尾聲 (大結局)
周望回南邊去了。宇文虛中留在西北,此後還找過劉通幾次,想遊說劉通回心轉意。隨著交往次數的增多,他自己反而有被對方拉攏的趨勢。在周望之後,趙構那邊還來過幾撥人馬,那些聲名較好的受到禮遇,那些曾經為虎作倀的賣國賊,一來就被轟走,有的差點被民眾打死。打這以後,南邊不再派人過來了。
與此同時,西北也加緊了對趙構集團的滲透。對於金國的和談提議,並非一概拒絕,答覆是:無條件釋放所有人質,允許強迫北遷的民眾回歸宋國;歸還擄走的財物;女真部族退回原棲居地,讓出遼國中京、上京,由宋軍接管;賠償戰爭損失。
對金國提議講和,如果置之不理,乃是無謀之舉。你要和談,那好,就來談吧。秦軍開出的條件在女真人看來,就是獅子大開口,哪裡能夠接受?雙方你來我往,討價還價,桌面上唇槍舌劍,暗地裡劍拔弩張。金國作出了有限的讓步,歸還了部分器物,釋放了趙佶爺兒仨,此後的談判沒什麼進展。對於趙佶的歸來,劉通是要的,而趙構是不想要的。
劉通接納趙佶,是為了控制朝政,將來趙氏禪位讓國,還要著落在他身上。趙佶吃盡了苦頭,此生得以回歸中原,已經大喜過望,皇位對他來說,早就失去了吸引力,他的願望只是做個清靜散人。心靈遭受重創、最難以釋懷的就是趙桓了,他從小失去母愛,大難來臨之時,被人硬推上皇帝的座位,曾經為此哭昏過去。當了皇帝沒多久,就作了夷狄的俘虜,一下從天堂跌到地獄,國家的厄運、人生的災難,如此重負為何要由他來承擔?生在帝皇家,難道也是錯?人生之最不幸者,莫非就是寡人?
西北與金國談談歇歇,交界處磨擦不斷,在拉鋸式的談判過程中,一晃幾年過去了。秦軍轄區發展迅速,軍中將帥幾次請纓北伐,劉通均未同意。問是何故,劉通答曰:到時必有天助,我軍不出則已,出則摧枯拉朽,一舉平定北疆。而此時的金國控制區內,形勢卻不樂觀。外部,遼人的襲擾,使其疲於應付。內部,由於秦軍的壓力減小,女真各部之間的矛盾加巨了,戰和之爭日益激化,終於在完顏晟彌留之際發生了流血衝突。

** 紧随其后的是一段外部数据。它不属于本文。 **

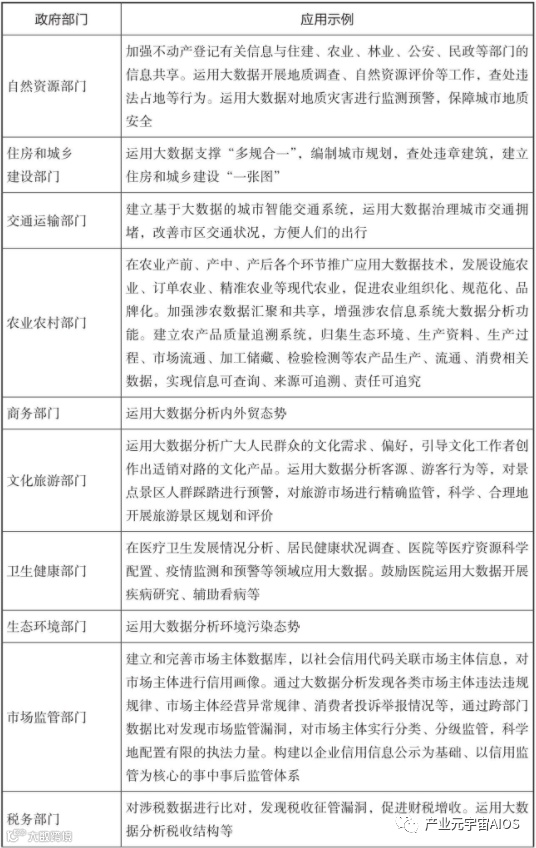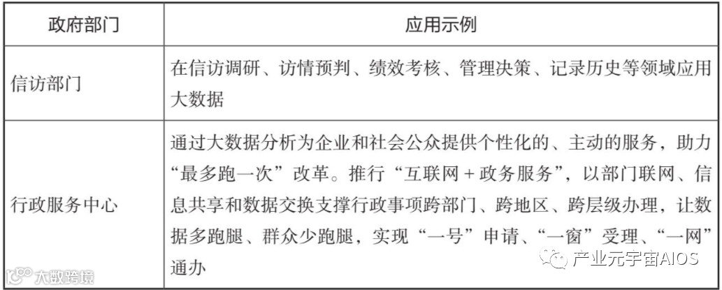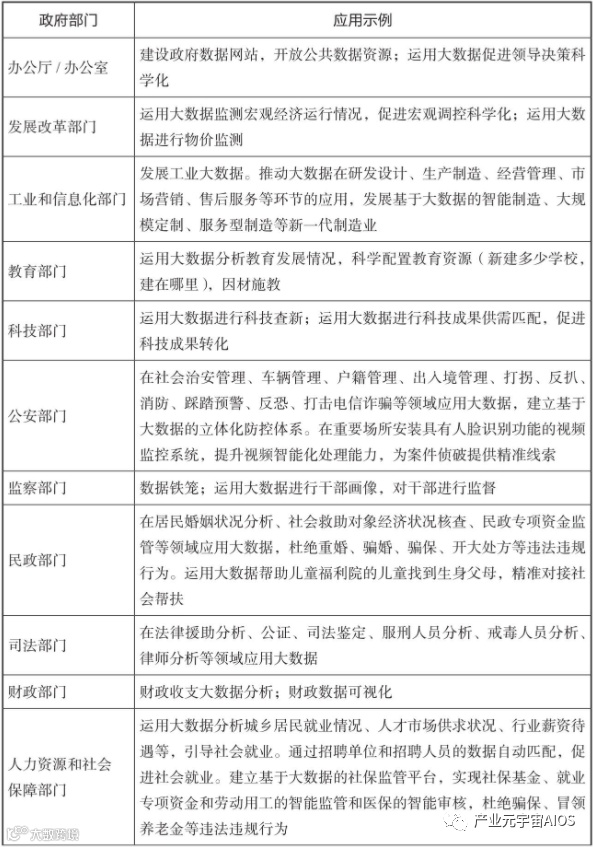 目前,大数据已在公安、工商、税务、旅游等部门得到应用,政府部门大数据应用领域如表1–2所示。

公元1134年夏秋之交,完顏宗弼(兀朮)與完顏撻懶的矛盾白熱化,兀朮暴起發難,殺了完顏撻懶一族。金國上京血光四濺,人心惶惶,完顏晟聽到噩耗,病情惡化,不久撒手人寰,比之原史的1135年正月謝世早逝了將近半年。
女真內耗,金主病亡,金國元氣大傷。秦軍引而不發,等的就是這樣的時刻。這一刻終於到來,秦軍兵發燕山,勢如破竹,至1136年秋,基本蕩平遼東、遼北,至1136年冬,女真的最後一股勢力在金國北部的蒲與路上胡地區(烏第河一帶)繳械。至此,金國已平,遼北、遼中、遼東版圖悉數收歸中原。
公元1137年正月初三日,北宋末代皇帝趙桓下詔禪位於秦王劉通,中原江山正式易主,國家權力棒由趙氏集團轉到了劉通的新勢力手中。新朝的國號為中華,定都長安,國旗以神龍為圖,採用數字紀年法取代年號紀年法,1137年是為中華元年。這一年,劉通四十一歲。
同年二月初十日,趙構登基稱帝,立宋太祖七世孫趙伯琮為太子,定都杭州,建立南宋朝廷,與北方相抗。
1137年秋八月,中華軍四十萬,兵分二路南下:
東路,劉通自任主帥,統領大軍二十五萬,以晁蓋十萬人為先鋒,從淮南挺進長江,進取二江和閩廣,另以張榮五萬水師從水路南下,配合陸軍作戰;
西路,呂將統兵十五萬,從河南挺進荊襄,進取二湖和雲貴。
1137年九月,劉通進駐鎮江,帶著劉鷹、劉越,與方鐵山、張孝純等人登上北固山。北固亭上秋高氣爽,河山壯麗,不愧天下第一江山之譽。甘露寺飛閣凌空,聳立山巔,「南徐凈域」盡顯雄秀氣勢,劉通想起清清代蘇澗寬所寫的一副對聯:地窄天寬江山雄楚越,漚浮浪卷棟宇自孫吳。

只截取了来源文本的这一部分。